Making the Most Efficient Use of Staff

Three of LSU’s five outlying hospitals currently use remote order entry, with a fourth scheduled to join the system soon. The 24-hour pharmacy at Earl K. Long serves as the clearinghouse for all remote orders.

Michael Dorman, M.S., R.Ph., inpatient pharmacy director, Earl K. Long Medical Center

It works like this: At closing time for the pharmacies at each rural hospital, the remote order entry system activates automatically. All medication orders are scanned and diverted to the 24-hour pharmacy at Earl K. Long, where they are reviewed and entered into the pharmacy information system for the originating hospital. After the order has been reviewed and approved, the medication can be retrieved from an automated medication dispensing machine located on the originating hospital’s nursing unit.

 
 The next morning, a pharmacist at the originating hospital double-checks the overnight orders for accuracy and electronically signs off to complete the process.

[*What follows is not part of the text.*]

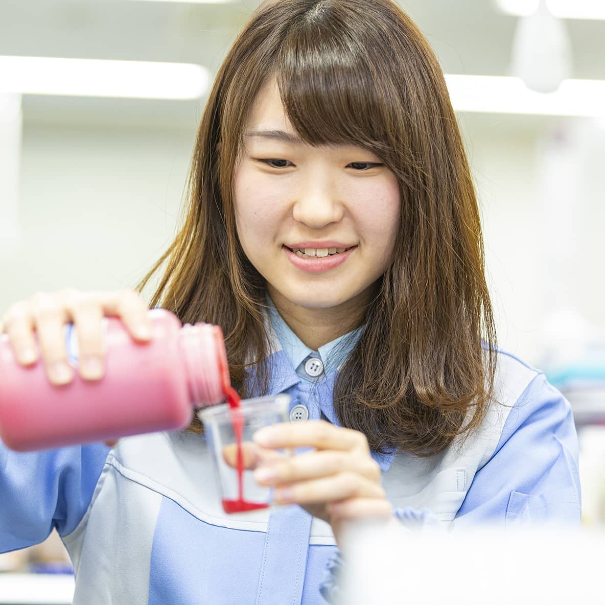 - 「いきなりで大丈夫かな…?」という戸惑いもありましたが、自分で作ったサンプルの色が実際に変化する様子を見られたことはとても新鮮で面白く感じました。それに、検査の過程では当社のコア技術に触れることができるので、かなり勉強になりました。

Urgent situations in which a delay in drug administration would harm the patient, as well as orders controlled by a licensed independent practitioner, are not subject to the remote order entry protocol.

“Overall, this is an innovative way to get the job done. It frees us up from having to employ a pharmacist here overnight and makes the most efficient use of our available staff,” said Todd Fricker, R.Ph., a staff pharmacist at Lallie Kemp Regional Medical Center. The 25-bed hospital in Independence, La., was the first in the LSU system to use remote order entry when the system went live in May 2009. “There’s no break in service continuity between shift changes, and it expedites order processing,” he said.

A Flexible System

In 2010, the number of remote orders averaged 5,675 per month, or 28 percent of all orders entered at Earl. K. Long, according to Dorman. The increase in workflow there necessitated the addition of two overnight pharmacists, each working seven days on and seven days off. Even with the addition of staff, Dorman estimates that LSU Health Care saves nearly $541,000 annually, because remote order entry obviated the need for similar staff increases at the outlying hospitals.

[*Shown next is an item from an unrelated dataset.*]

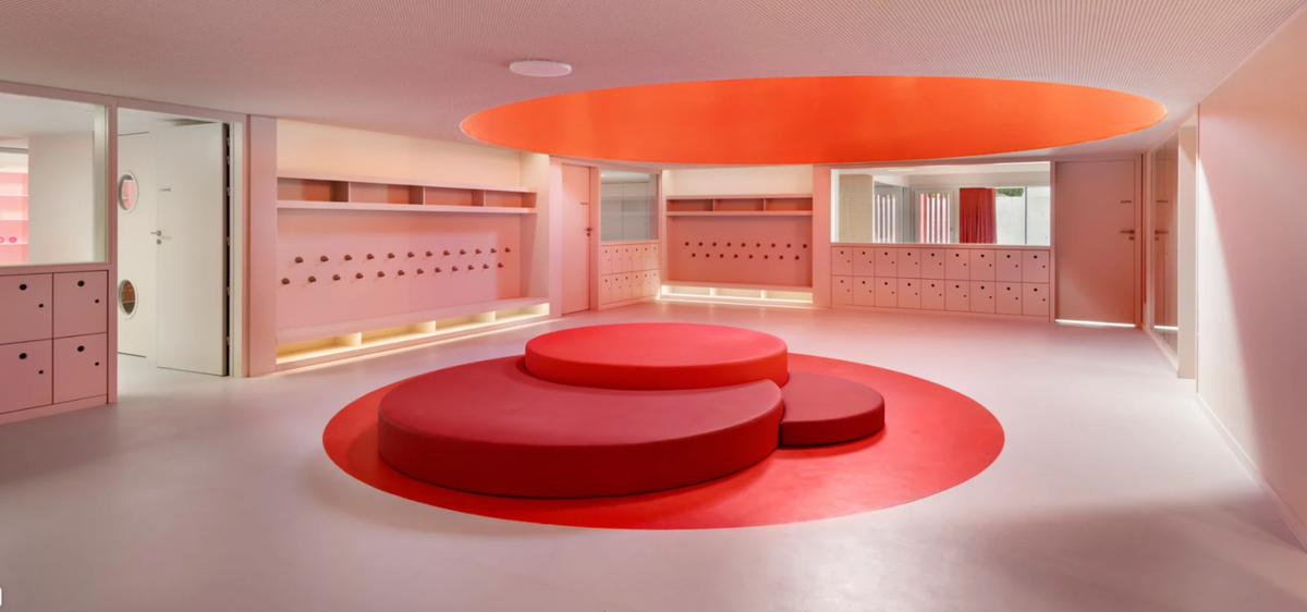Местная студия Dominique Coulon & Associés спроектировала в городке Илльзах в Эльзасе детский центр Multi-childcare Crèche, предназначенный для ухода за 50 детьми в возрасте от десяти недель до трех лет. Здание площадью 705 кв. метров окружено кленами, вишнями и японской спиреей, а его белоснежный фасад напоминает гигантскую скульптуру, гармонично вписывающую в городской пейзаж. Основание постройки оживает благодаря смелой палитре: насыщенные розовые и оранжевые тона выделяют входы, задавая игривый тон. «Динамичная цветовая гамма, обилие естественного света и пропорции здания позволили нам создать пространство, где чувствуют себя комфортно и дети, и сотрудники», — отмечает студия. Внутри цвет становится главным героем: просторный вестибюль, окрашенный в яркий вермильон, служит местом для встреч и прощаний, а также сценой для детских представлений и чтений.

“We’re essentially doing the same amount of work with two pharmacists that six pharmacists would typically perform,” he said.

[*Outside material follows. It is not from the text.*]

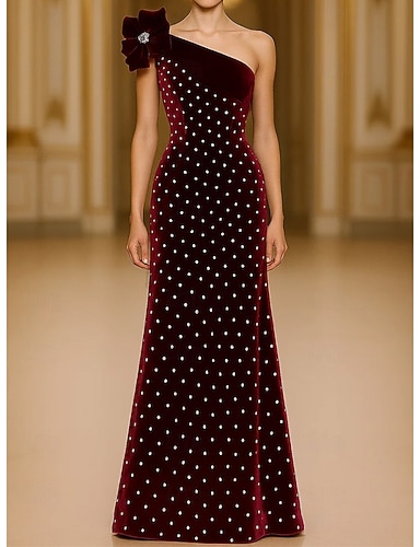 Tubino Colonna Lunghezza al pavimento Abiti da Ballo Abito da Sera Da principessa Abito formale Elegante Scintillante Stile Celebrità Senza Maniche Monospalla Festa in giardino Matrimonio Velluto con
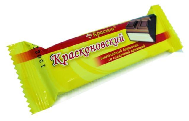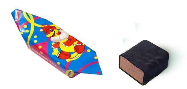 Глазированные шоколадной глазурью конфеты продолговатой прямоугольной формы. Корпус состоит из двух слоёв: молочно-ликёрного и молочно-помадного.

At the same time, remote order entry puts nurses in closer touch with pharmacists, according to Danny Jackson, Pharm.D., system pharmacy director for LSU Health Care. “There’s quite a bit of interaction between pharmacists at Earl K. Long and nurse supervisors at the rural hospitals,” he said.

The fact that the LSU Health Care pharmacy information system was already standardized across all facilities (with all hospitals sharing the same computer server) made implementing the remote order entry system easier. With it, pharmacists can log in from any location and call up records of any patient within the LSU system.

Pharmacist Vanessa Pourciau utilizes the LSU remote order entry system.

“If you’re about to embark on remote order entry, the more the host and remote location systems are matched with regard to formulary, protocol, and processes, the smoother things will go,” said Jackson. “It’s a lot easier than having to go back and standardize things after the fact.”

He added that LSU has not yet determined the impact of remote order entry on medication error rates, because a number of performance improvement projects, such as bar-code medication administration, were implemented throughout the LSU system in a short time span. “It’s difficult to isolate the impact of each one,” Jackson said.

“Right now, we’re collecting data to compare pharmacy entry errors at the remote location [Earl K. Long] versus the home locations to see if any patterns or issues show up,” he said.